Water-soluble ace-quininib-HCl (3) significantly reduces viability of OMM2.5 and SUIT2-007. (A) A dose dependent decrease in cell metabolic activity was detected following 96 h of treatment with ace-quininib-HCl (3) solubilized in water. Statistical comparisons were performed between the lowest water-soluble drug concentration (2.5 μM) and both higher concentrations (5, 10, 20 μM) and 0.5 % DMSO, showing significant reductions in viability at higher doses. One-way ANOVA with Dunnett's Test for Multiple Comparisons statistical analysis was performed; error bars represent mean ± SEM, ∗p < 0.05, ∗∗p < 0.01, ∗∗∗∗p < 0.0001, (N = 3). (B) IC50 value of ace-quininib-HCl (3) in OMM2.5 cells following a 96 h treatment, as determined by metabolic activity assays. (C) A dose-dependent, significant decrease in SUIT2-007 cell metabolic activity was observed following 96 h treatment with ace-quininib-HCl (3) solubilized in water in comparison to 0.125 % water (control). One-way ANOVA with Dunnett's Test for Multiple Comparisons statistical analysis was performed; error bars represent mean ± SEM, ∗∗∗∗p < 0.0001 (N = 3). (D) IC50 value of ace-quininib-HCl (3) solubilized in water in SUIT2-007 cells following a 96 h treatment, as determined by metabolic activity assays.

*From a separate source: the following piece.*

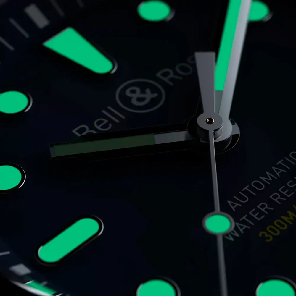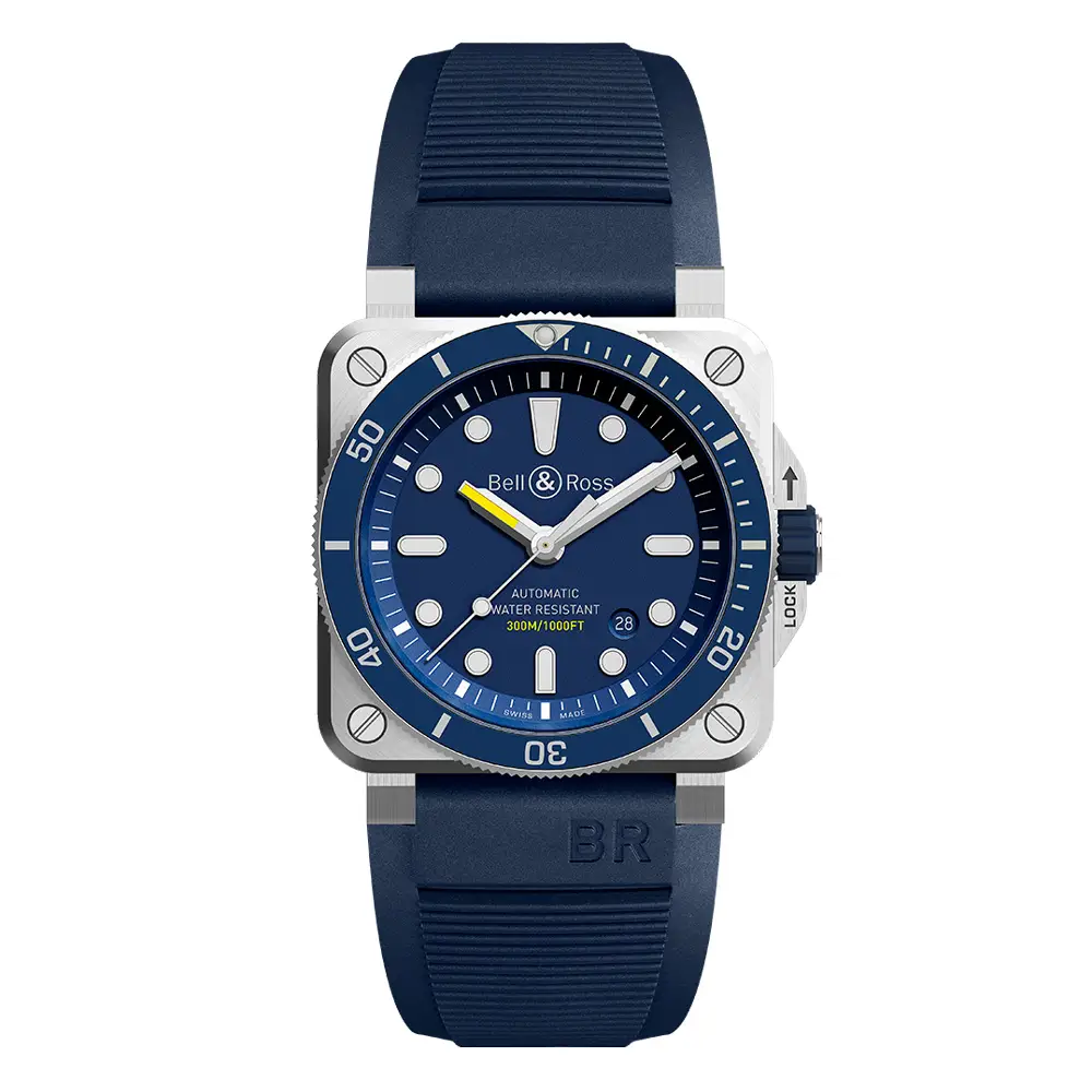 Bên trong là bộ máy cơ tự động BR-CAL.302 với chức năng giờ, phút, giây và lịch ngày (giữa vị trí 4 và 5 giờ). Với khả năng chống nước 300 m (30 ATM) cùng dây cao su màu xanh bền bỉ và thoải mái, BR 03-92 Diver Blue là biểu tượng của sức mạnh, sự thanh lịch và độ tin cậy — hoàn hảo cho cả cuộc sống trên bờ lẫn dưới biển.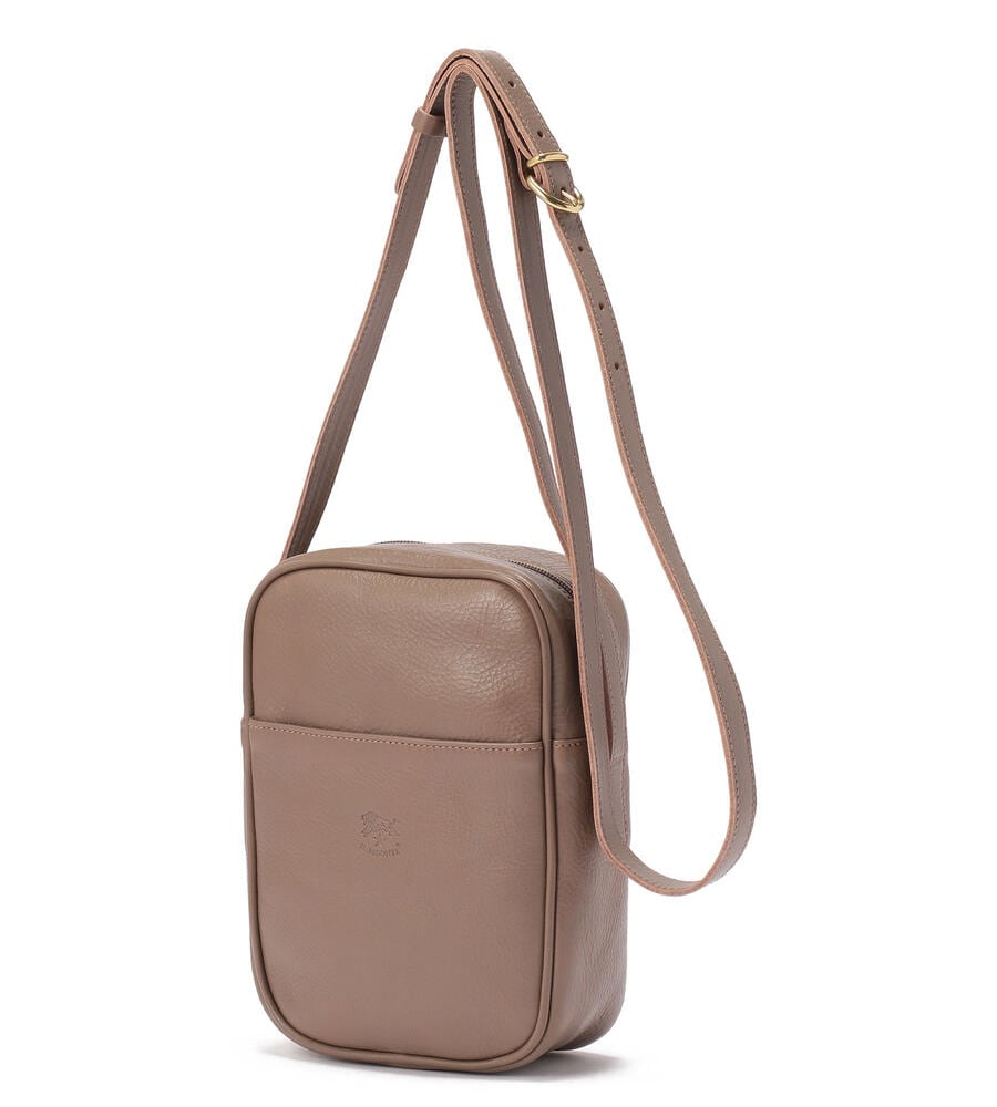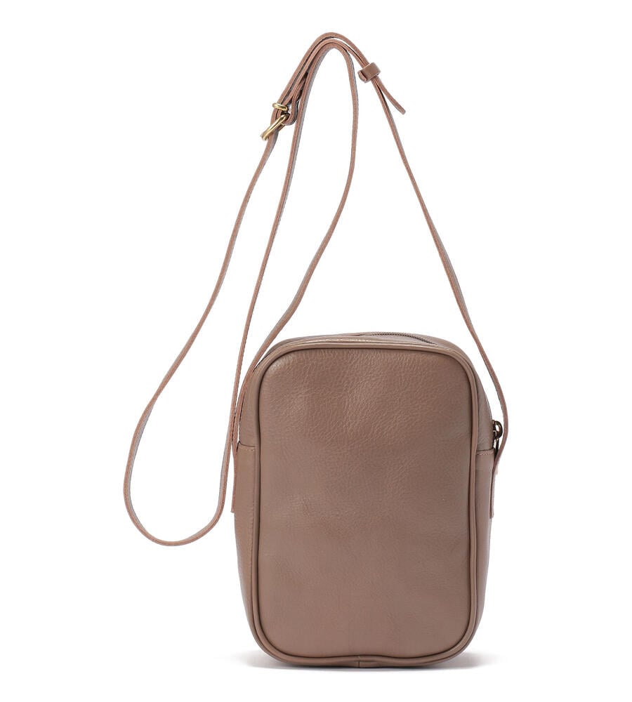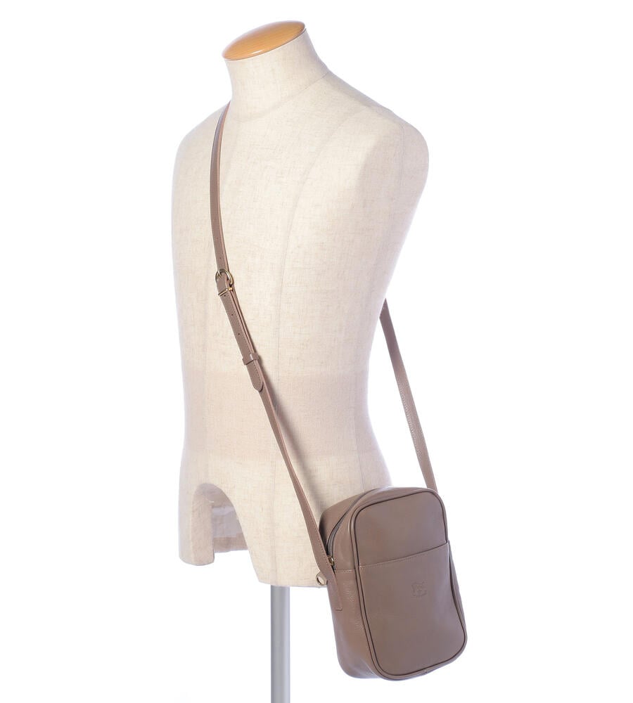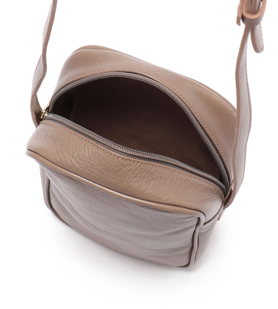 フロントにあしらったブランドロゴの型押しがワンポイントになった縦長のフォルムのクロスボディバッグ。使うほどに味わいを増すベジタブルタンニン鞣しのバケッタレザーを採用。間口はジップクロージャー、ショルダーの長さは調整が可能です。

Quininib (1) and ace-quininib (2) inhibit angiogenesis in zebrafish. (A–D) Live fluorescence images of ISVs of zebrafish embryos (24 hpf) treated for 20 h with (A) DMSO 0.1 % v/v; (B) montelukast (12.5 μM), (C) quininib (1) (12.5 μM), (D) ace-quininib (2) (12.5 μM). (E) Quantification of the average length of ISV of zebrafish embryos. Embryos were treated with DMSO (0.1 % v/v), montelukast (12.5 μM), quininib (1) (12.5 μM), and ace-quininib (2) (12.5 μM). N = 10. One-way analysis of variance (ANOVA) was performed for statistical analysis. Error bars represent mean ± SEM, ∗∗∗∗p < 0.0001. N = 10.